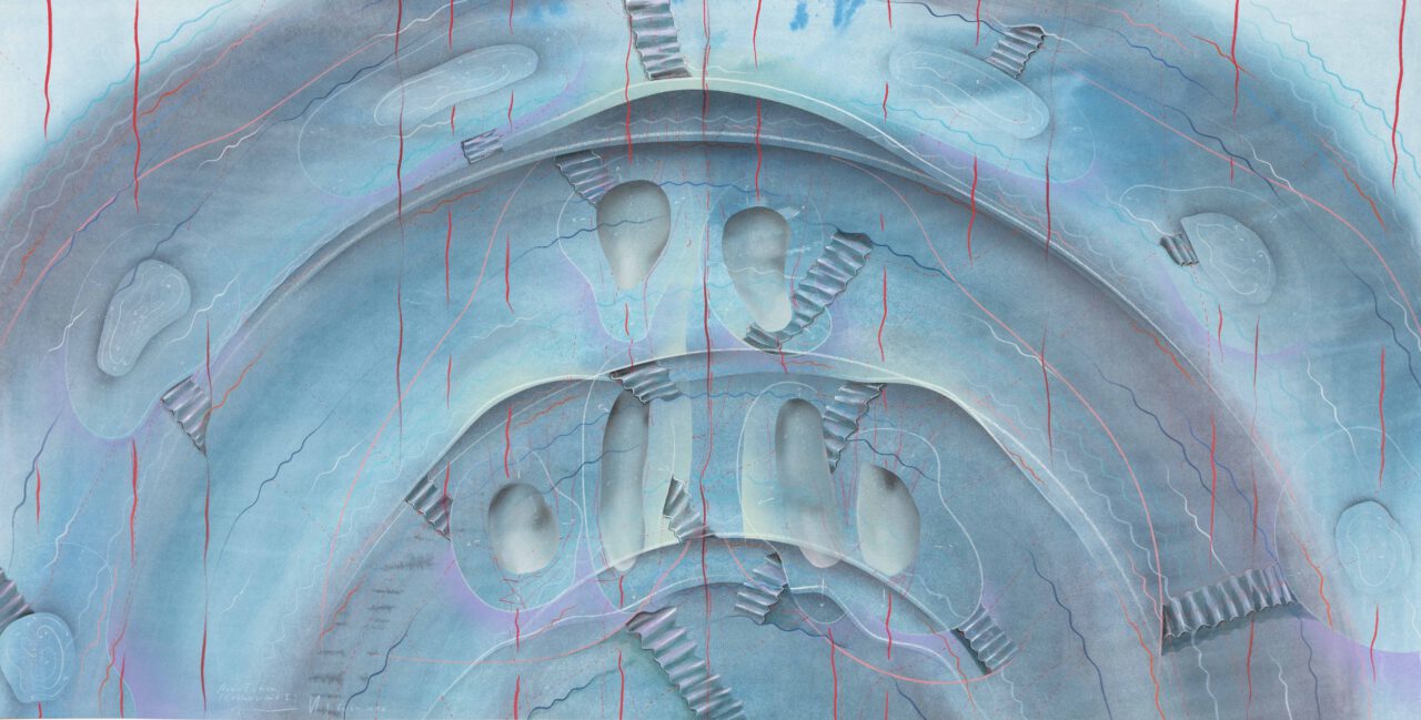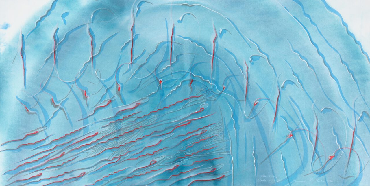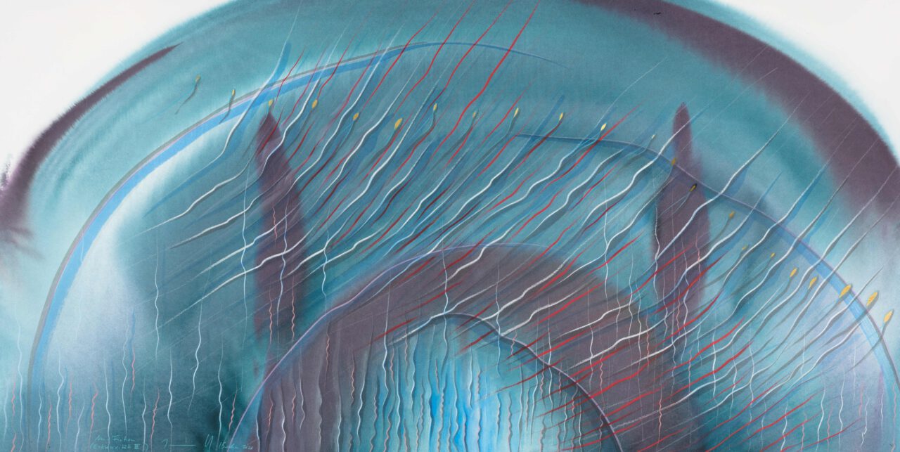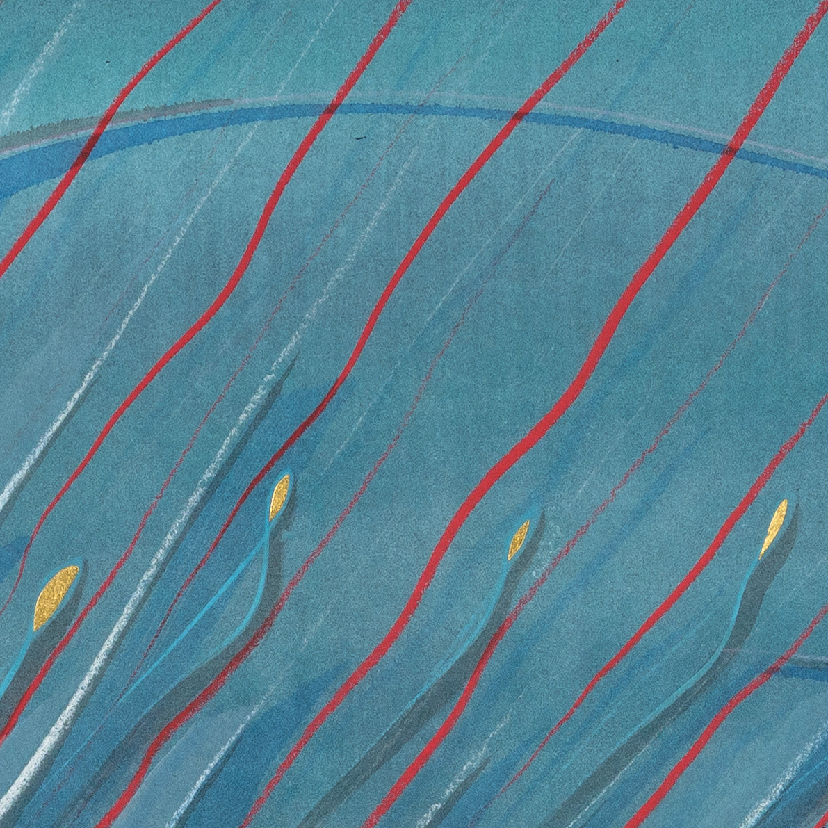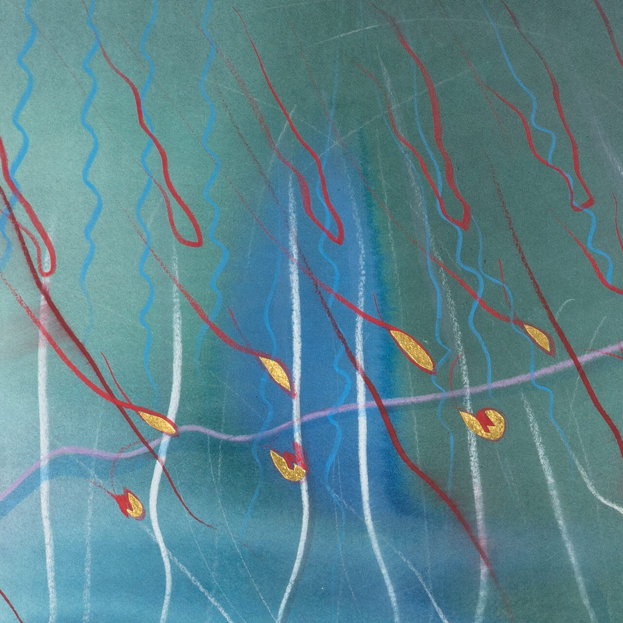 Tinte, Pastell, Farbstift, Gold auf Papier
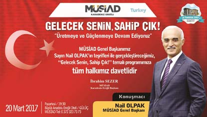 Müstakil Sanayici ve İş adamları Derneği (MÜSİAD) Karadeniz Ereğli Şubesi tarafından MÜSİAD Genel Başkan Nail Olpak'ın konuşmacı olarak katılacağı "Gelecek Senin, Sahip Çık" konulu program yapılacak.
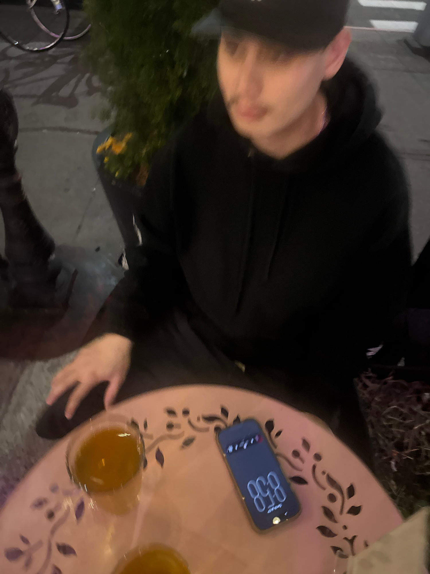 The image captures a person in a black hoodie and baseball cap seated at an outdoor table. The person is slightly out of focus but appears to be fair-skinned. The table, adorned with a floral cut-out…read more

Problem description:
Please give back the material above exactly as written, pictures omitted.

Solution for this task:
 Tinte, Pastell, Farbstift, Gold auf Papier
 Müstakil Sanayici ve İş adamları Derneği (MÜSİAD) Karadeniz Ereğli Şubesi tarafından MÜSİAD Genel Başkan Nail Olpak'ın konuşmacı olarak katılacağı "Gelecek Senin, Sahip Çık" konulu program yapılacak.
 The image captures a person in a black hoodie and baseball cap seated at an outdoor table. The person is slightly out of focus but appears to be fair-skinned. The table, adorned with a floral cut-out…read more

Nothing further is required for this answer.